Content-Transfer-Encoding: 7bit
X-Mailer: Microsoft Outlook 14.0
Thread-Index: AQDME617CAQnR6RIGsPNLcRFH7SHY6IU/GMA
Content-Language: zh-cn
Sender: linux-kernel-owner@vger.kernel.org
List-ID: <linux-kernel.vger.kernel.org>
X-Mailing-List: linux-kernel@vger.kernel.org

> 
> The number of LRU pages, dirty pages and writeback pages must be accounted
> for on both zones and nodes because of the reclaim retry logic, compaction
> retry logic and highmem calculations all depending on per-zone stats.
> 
> The retry logic is only critical for allocations that can use any zones.
> Hence this patch will not retry reclaim or compaction for such allocations.
> This should not be a problem for reclaim as zone-constrained allocations
> are immune from OOM kill. For retries, a very rough approximation is made
> whether to retry or not.
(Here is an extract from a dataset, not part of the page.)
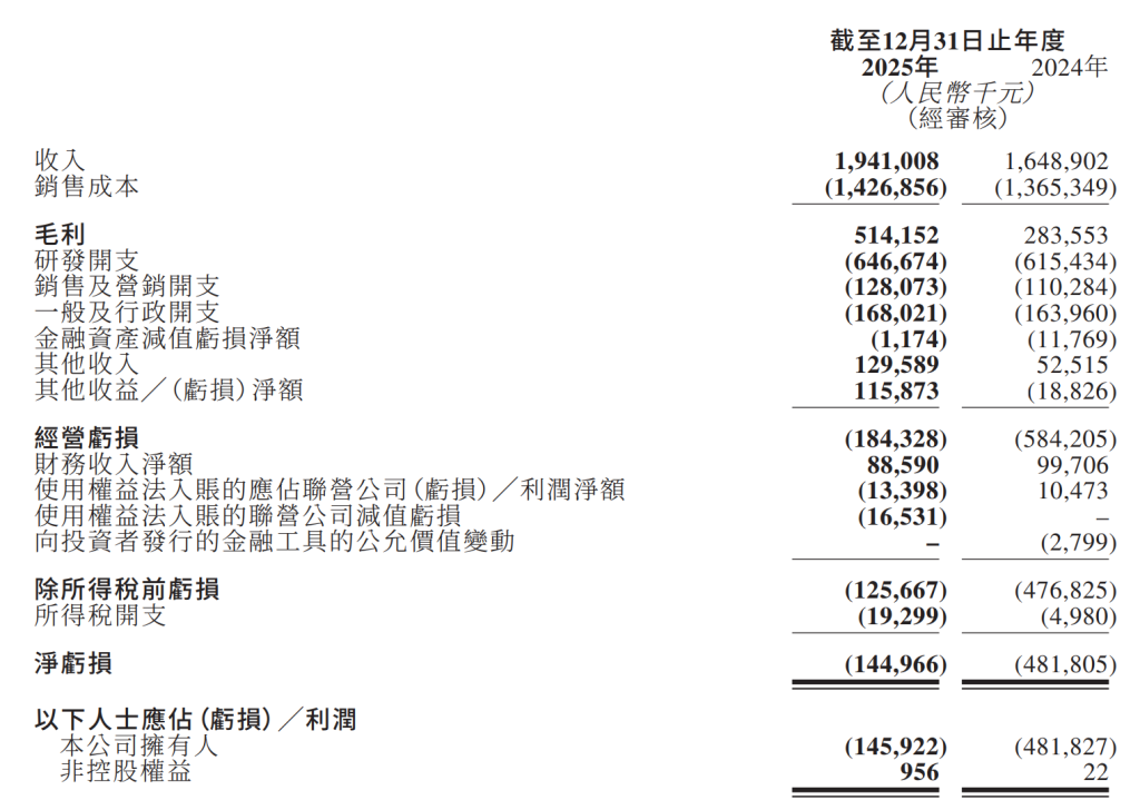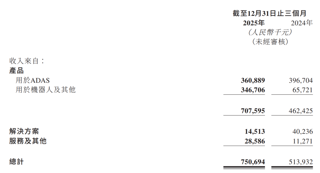 2025年,速腾聚创的激光雷达产品、用于ADAS(高级驾驶辅助系统)应用的激光雷达产品及用于机器人及其他的激光雷达产品的销量分别约为91.2万台、60.9万台及30.3万台,同比分别增加67.6%、17.2%及1141.8%。此外,其他收入由2024年的5252万元增加至2025年的1.3亿元,速腾聚创表示主要是由于2025年政府补助及利息收入增加,以及自一名客户收取了一次性现金赔偿。

While it is possible this will make the wrong
> decision on occasion, it will not infinite loop as the number of reclaim
> attempts is capped by MAX_RECLAIM_RETRIES.
> 
> The highmem calculations only care about the global count of file pages
> in highmem. Hence, a global counter is used instead of per-zone stats.
> With this, the per-zone double accounting disappears.
> 
> Suggested by: Michal Hocko <mhocko@kernel.org>
> Signed-off-by: Mel Gorman <mgorman@techsingularity.net>
> ---
Acked-by: Hillf Danton <hillf.zj@alibaba-inc.com>

>  include/linux/mm_inline.h | 20 +++++++++++--
>  include/linux/mmzone.h    |  4 ---
>  include/linux/swap.h      |  1 -
>  mm/compaction.c           | 22 ++++++++++++++-
>  mm/migrate.c              |  2 --
>  mm/page-writeback.c       | 13 ++++-----
>  mm/page_alloc.c           | 71 ++++++++++++++++++++++++++++++++---------------
>  mm/vmscan.c               | 16 -----------
>  mm/vmstat.c               |  3 --
>  9 files changed, 92 insertions(+), 60 deletions(-)
> 
[...]
> @@ -3445,6 +3445,7 @@ should_reclaim_retry(gfp_t gfp_mask, unsigned order,
>  {
>  	struct zone *zone;
>  	struct zoneref *z;
> +	pg_data_t *current_pgdat = NULL;
> 
>  	/*
>  	 * Make sure we converge to OOM if we cannot make any progress
> @@ -3454,6 +3455,14 @@ should_reclaim_retry(gfp_t gfp_mask, unsigned order,
>  		return false;
> 
>  	/*
> +	 * Blindly retry allocation requests that cannot use all zones. We do
> +	 * not have a reliable and fast means of calculating reclaimable, dirty
> +	 * and writeback pages in eligible zones.
> +	 */
> +	if (IS_ENABLED(CONFIG_HIGHMEM) && !is_highmem_idx(gfp_zone(gfp_mask)))
> +		goto out;
> +
> +	/*
>  	 * Keep reclaiming pages while there is a chance this will lead somewhere.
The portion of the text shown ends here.